One consequence of Heraclitus’ metaphysics is his belief that there are souls, possibly in everything, and that they are guided by the logos. In place of immortality, an afterlife, or metempsychosis he notes life and death as opposites are, in fact, alternate states of the same phenomena and somehow continuous5 much like night and day. Another consequence is a kind of divinity arising from the uniting of the opposites, although on God he is obscure: “referring to ‘the one wise thing’ which ‘is willing and unwilling to be called Zeus,’ he doubtlessly means that Fire or Logos is supreme but lacks the personal attributes attached to Zeus in cult and myth.”6 Last for Heraclitus, like Pythagoras, the universe is limited in extent, but cycles indefinitely.

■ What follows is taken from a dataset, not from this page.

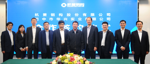 上午9:18分,杭蕭鋼構副總裁陸擁軍與華興實業(yè)有限公司董事長楊天淑共同簽署戰(zhàn)略合作協(xié)議。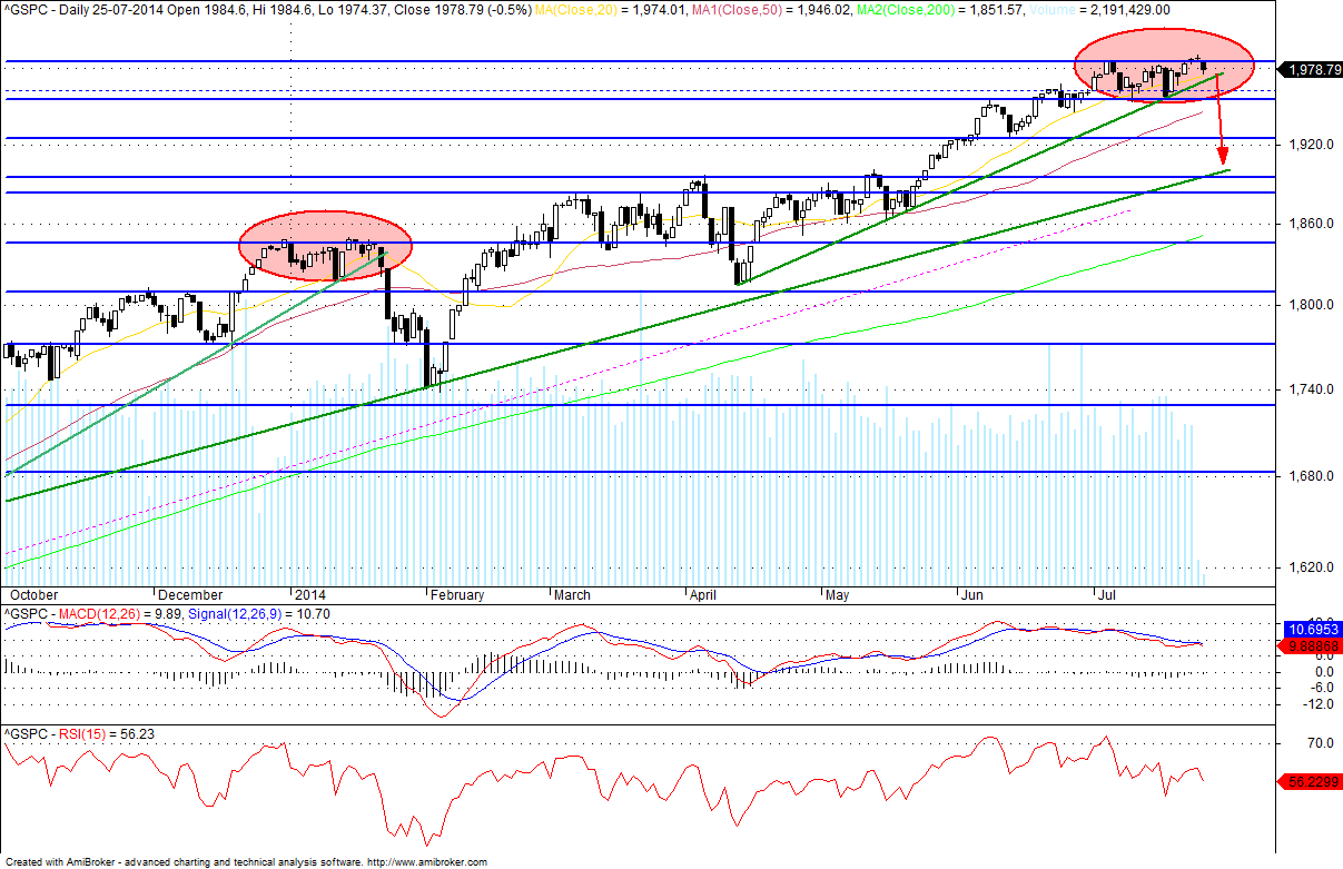 só mais este pormenor do spy onde se pode ver bem o padrão de velas de exaustão que ficou criado no grafico diario

As in the case of Pythagoras, much of Heraclitus is mirrored in modern interpretations of ultimate reality. His fire may be Einstein’s energy interchangeable with matter or even the folded strings of energy postulated in superstring theory. His flux becomes our entropy, his strife of opposites our positive and negative matter, and his logos our physical laws. His view of life and death equates to our recycling of matter and energy and his idea of soul is not unlike recent theories of panpsychism. The philosophy of Heraclitus is also quite similar to that of Laozi where logos becomes Tao and the identity of opposites is also highlighted. All in all, we cannot help but be amazed by the sophistication and mystic truth reflected in his thinking.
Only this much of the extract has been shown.